# Loan horses taken to Orkney without permission



## nouxnoux (12 August 2009)

Does anyone have any information on the I think eight horses which were taken from Coal Aston Derbyshire and were on loan from the Millhouse Animal Sanctuary and taken to the Orkney's without permission.  Haven't heard anything for a while and really hope these animals are back with the sanctuary.


----------



## T_K (14 August 2009)

I believe they have been back home for some time, although one has since passed away due to old age.


----------



## T_K (14 August 2009)

http://www.horseandhound.co.uk/forums/showflat.php/Cat/0/Number/3113311/page/0/fpart/3/vc/1


----------



## Perfect10 (26 October 2009)

On the contrary, they are not home and I'm led to believe there is still legal wrangling going on.
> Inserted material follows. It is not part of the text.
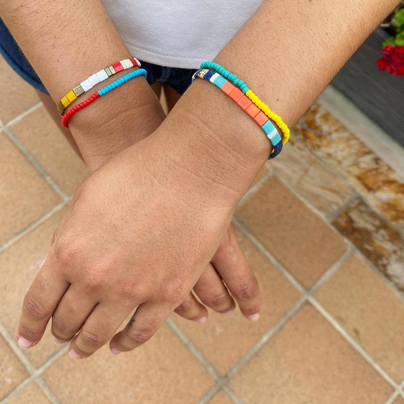 Las cuentas de media tila de la marca Miyuki son las cuentas japonesas de alta calidad de vidrio en forma rectangular con dos agujeros internos en los extremos. Son exactamente la mitad de las cuentas tilas. Las cuentas son muy precisas y con un calibrado excelente. Además, su taladro permite pasar varias veces el hilo.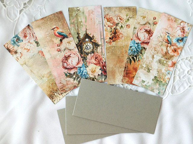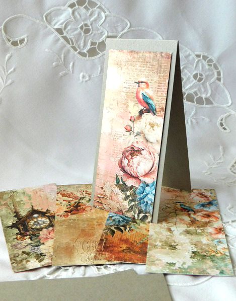 Комплекта включва 9 елемента - 3 броя картички с размери 15,00 х 6,50 см и 6 картона с избрани дизайни от колекцията на Craft O'Clock - Vintage Sonata

Last I heard about three had died.


----------



## Mommaminty (16 October 2011)

Does anyone have any up to date information regarding this?


----------



## Cuffey (16 October 2011)

Mommaminty said:



			Does anyone have any up to date information regarding this?
		
Click to expand...

Please contact Millhouse directly for information
http://animalsheltersheffield.co.uk/contact-us/

According to Stolen Horse Register they are still missing
Goldie Loan horse moved with 8 others - Muffin, Selena, Toby, Dominic, Mintrel, Cassie, Spirit and Rusty; from Coal Aston, Derbyshire
Contact Millhouse Animal Sanctuary 0114 2302907
21.05.2008


----------



## forestfantasy (21 October 2011)

I haven't heard anything about them coming back, the lady who took them had a yard/field literally 2 minutes from my house, my friend now has the land.


----------